Laughter, even though it's great for our immune system and gives us those crinkly laugh lines at the outer corners of our eyes, generally doesn't make us think as deeply as sorrow does. It doesn't pull us up short and make us realize our own limitations, weaknesses and vulnerabilities and how we need God because we just can't be what we should and live like we ought to without Him. It doesn't often show us what's really important in life and cause us to reflect on all we've been given and where we may not have expressed gratitude and really appreciated our blessings. It doesn't require us to realize our own shallowness or self-centeredness, mistakes we've made or sin we're living in and the need to turn from those things. It doesn't motivate us to empathize with others in similar situations, give of ourselves to help, or live a life of service like sorrow does. It seldom pushes us to overcome difficulties, develop wisdom or deepen our characters.

Just like fire refines gold or heat enables the glassmaker to pull, shape and mold the glass into beautiful vases or stunning works of art, so God often uses sorrow to pull, shape, mold and refine us into people who recognize His sovereignty in the impossibilities of our lives, who take on His character, love and self-sacrificial nature and can help others who are sorrowful, who have endured and persevered in the tough times and are now stronger, deeper and more insightful about life and wiser in our choices.
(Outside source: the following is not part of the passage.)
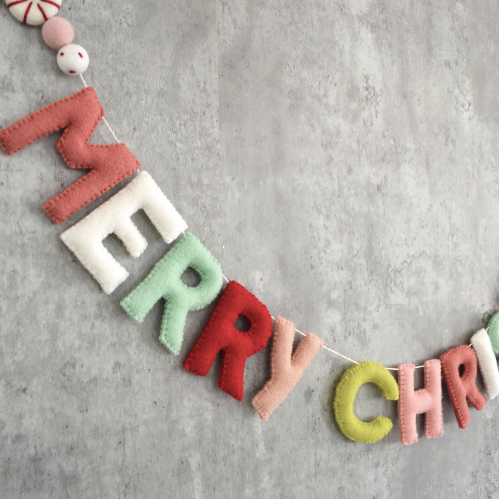 Merry Christmas Felt Banner with Wool Christmas Tree, Peppermint and Star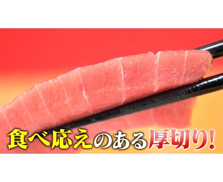 赤身と中トロの切り落としが500g。なんと中トロがおよそ50%も入った特別仕様に加えて食べ応えも十分な厚切りカットなのでまぐろ本来の味をお楽しみいただけます。

I picture the Grand Canyon and wonder how plain and not grand it must have been before God loosed the raging waters and the elements to cut it deeply, stripping away huge chunks of land and sculpting it into what it's become. It certainly wouldn't be the attraction it is now if it had just had tiny droplets of dew and gentle breezes floating over it, making the prairie grasses ripple with glee and hardly leaving a trace of its passing. I think of the pioneers who faced sorrow in ways I'll never know to accomplish what few of us could even fathom doing today; the folks I've known in my lifetime who struggled through the fighting, unknown, and deprivations of the World Wars and Great Depression and who emerged with great wisdom to share; the people who've been martyred for their faith, the families who've been left behind and gone on to love the murderers and bring the love and forgiveness of Christ to them. And, I can tell you that, as much as I don't like it, I know that verse is true. As much as I love to double over with laughter, as much as it's good for me for a moment or a day, in the long run, I'm thankful for the sorrow I've been given. For, as an unwelcome gift at the time, I know that when I've let God use it, it has certainly changed and molded me for the better as I know it's done for countless others.

Ask God to help you not waste the sorrows in your life but to use them for His purposes that you might be one of His most beautiful sculptures, able to inspire beauty and a hunger for wisdom and truth in others.